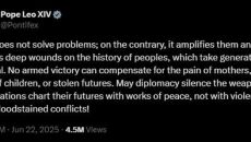 (바티칸=연합뉴스) 신창용 특파원 = '미국 출신' 레오 14세 교황이 미국의 이란 핵시설 공습을 비판하며 엑스(X·옛 트위터- 2025.06.24 21:58
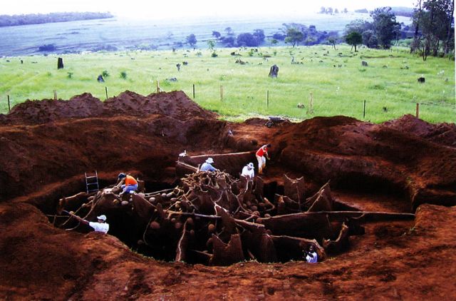 Πολυμελής ομάδα ερευνητών ανακάλυψε στο υπέδαφος ενός μεγάλου λιβαδιού στη Βραζιλία μια γιγάντια αποικία μυρμηγκιών. Πρόκειται για ένα εκπληκτικό οικοδόμημα που μοιάζει με λαβύρινθο ανθρώπινης κατασκευής. Την ερημωμένη σήμερα αποικία που διαθέτει φωλιές, δρόμους, λεωφόρους ακόμη και κήπους κατασκεύασαν μυρμήγκια φυλλοκόπτες και οι ειδικοί τη χαρακτηρίζουν ως το «Σινικό Τείχος» των μυρμηγκιών. Η εκπληκτική αποικία αποκαλύφθηκε έπειτα από δέκα ημέρες εκσκαφών και άφησε άφωνους τους ερευνητές. Βρισκόταν σε βάθος 9 μέτρων από το έδαφος και καλύπτει έκταση περίπου 47 τετραγωνικών μέτρων. Οι ειδικοί εκτιμούν ότι τα μυρμήγκια εκχωμάτωσαν 40 τόνους εδάφους για να δημιουργήσουν την αποικία τους. Σε αυτή ζούσαν εκατομμύρια μυρμήγκια αλλά προς το παρόν οι ειδικοί δεν μπορούν να απαντήσουν πότε και γιατί την εγκατέλειψαν.
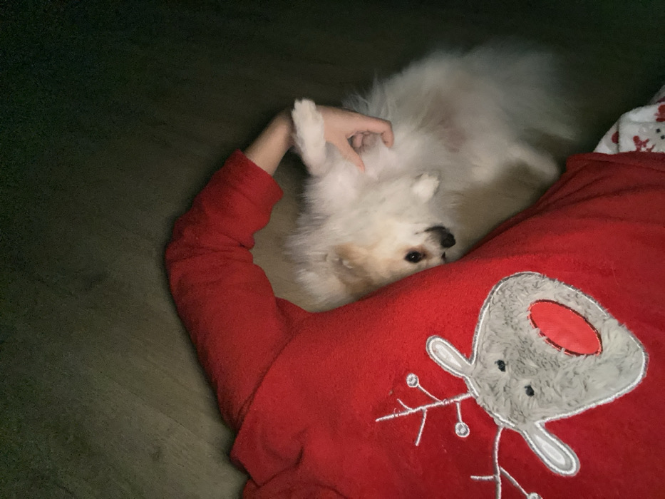 A high-angle image captures a person interacting with a dog in an indistinguishable indoor setting; the specific location in Barcelos, Portugal, cannot be determined from visual evidence. A person's upper torso and right arm, clad in a red long-sleeved top featuring a grey reindeer with a red nose, occupy the left side of the frame. The person's right hand gently touches the belly of a small, fluffy white dog, possibly a Pomeranian, which is lying on its back with its head partially visible, facing the viewer. A white fabric with a red and white pattern is visible in the bottom right corner. The background consists of a dark, uniform surface.

★ ★ ★ ★ ★

### Your assignment
Copy all the material exactly; omit images.

### Your solution
 (바티칸=연합뉴스) 신창용 특파원 = '미국 출신' 레오 14세 교황이 미국의 이란 핵시설 공습을 비판하며 엑스(X·옛 트위터- 2025.06.24 21:58
 Πολυμελής ομάδα ερευνητών ανακάλυψε στο υπέδαφος ενός μεγάλου λιβαδιού στη Βραζιλία μια γιγάντια αποικία μυρμηγκιών. Πρόκειται για ένα εκπληκτικό οικοδόμημα που μοιάζει με λαβύρινθο ανθρώπινης κατασκευής. Την ερημωμένη σήμερα αποικία που διαθέτει φωλιές, δρόμους, λεωφόρους ακόμη και κήπους κατασκεύασαν μυρμήγκια φυλλοκόπτες και οι ειδικοί τη χαρακτηρίζουν ως το «Σινικό Τείχος» των μυρμηγκιών. Η εκπληκτική αποικία αποκαλύφθηκε έπειτα από δέκα ημέρες εκσκαφών και άφησε άφωνους τους ερευνητές. Βρισκόταν σε βάθος 9 μέτρων από το έδαφος και καλύπτει έκταση περίπου 47 τετραγωνικών μέτρων. Οι ειδικοί εκτιμούν ότι τα μυρμήγκια εκχωμάτωσαν 40 τόνους εδάφους για να δημιουργήσουν την αποικία τους. Σε αυτή ζούσαν εκατομμύρια μυρμήγκια αλλά προς το παρόν οι ειδικοί δεν μπορούν να απαντήσουν πότε και γιατί την εγκατέλειψαν.
 A high-angle image captures a person interacting with a dog in an indistinguishable indoor setting; the specific location in Barcelos, Portugal, cannot be determined from visual evidence. A person's upper torso and right arm, clad in a red long-sleeved top featuring a grey reindeer with a red nose, occupy the left side of the frame. The person's right hand gently touches the belly of a small, fluffy white dog, possibly a Pomeranian, which is lying on its back with its head partially visible, facing the viewer. A white fabric with a red and white pattern is visible in the bottom right corner. The background consists of a dark, uniform surface.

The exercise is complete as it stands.